Similarities / Differences between Temporal and Flink Stateful Functions

I’ve been evaluating tools for my use case and I came across

How does Temporal compare to Flink stateful functions?

I sort of understand that Temporal is more about orchestrating different (often third party) microservices in a dynamic (or static) workflow. Event processing on the other hand deals with high throughput applications which is not a focus of Temporal.

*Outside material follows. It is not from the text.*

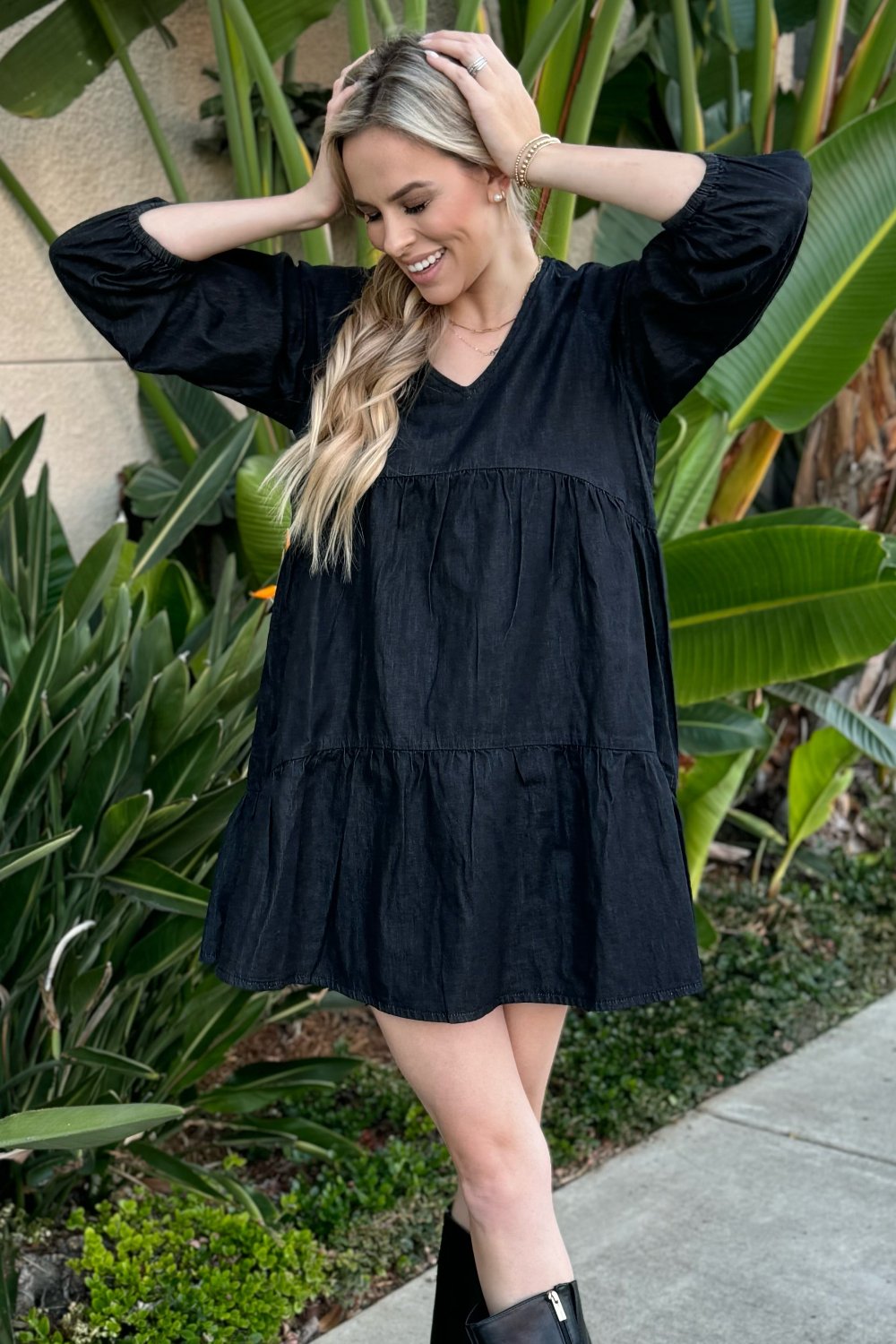 This darling chambray dress flaunts a breezy tiered silhouette, complete with a charming v neck and puff sleeves. Crafted from chambray fabric, it's a timeless piece that will never go out of style. And with its bracelet sleeves, it's perfect for the changing seasons. Plus, the tiered ruffles add a playful and girly touch!

Flink stateful functions however are not restricted to DAG based workflows and also support remote execution. (Although function startup latency for a FaaS is another issue).

In an application where workflow execution is being triggered in response to events generated at scale (2-3M peak concurrency) and desired throughput (which also depends on downstream services) is in 100s of thousands, how will Temporal and a system like Flink stateful functions compare?

Disclaimer: The last time I really worked with Flink was more than 3 years ago. So I’m not an expert on the current implementation. So correct me if I’m misrepresenting it.

Flink stateful functions are exactly what they are called. They are functions that can explicitly load and store state through the provided API. They are closer to Akka and Microsoft Orleans than to Temporal. They give you ability to send asynchronous events to other functions by their business ID but don’t help you much with implementing complex business interactions. You are still responsible for programming your business logic fully asynchronously the way you usually do with normal RPC services and databases.

Temporal offers a much higher level of abstraction for developers. There is no explicit persistent state management as all state of a workflow including local variables and stack is always preserved. It allows writing synchronous code that blocks on external operations for an unlimited amount of time.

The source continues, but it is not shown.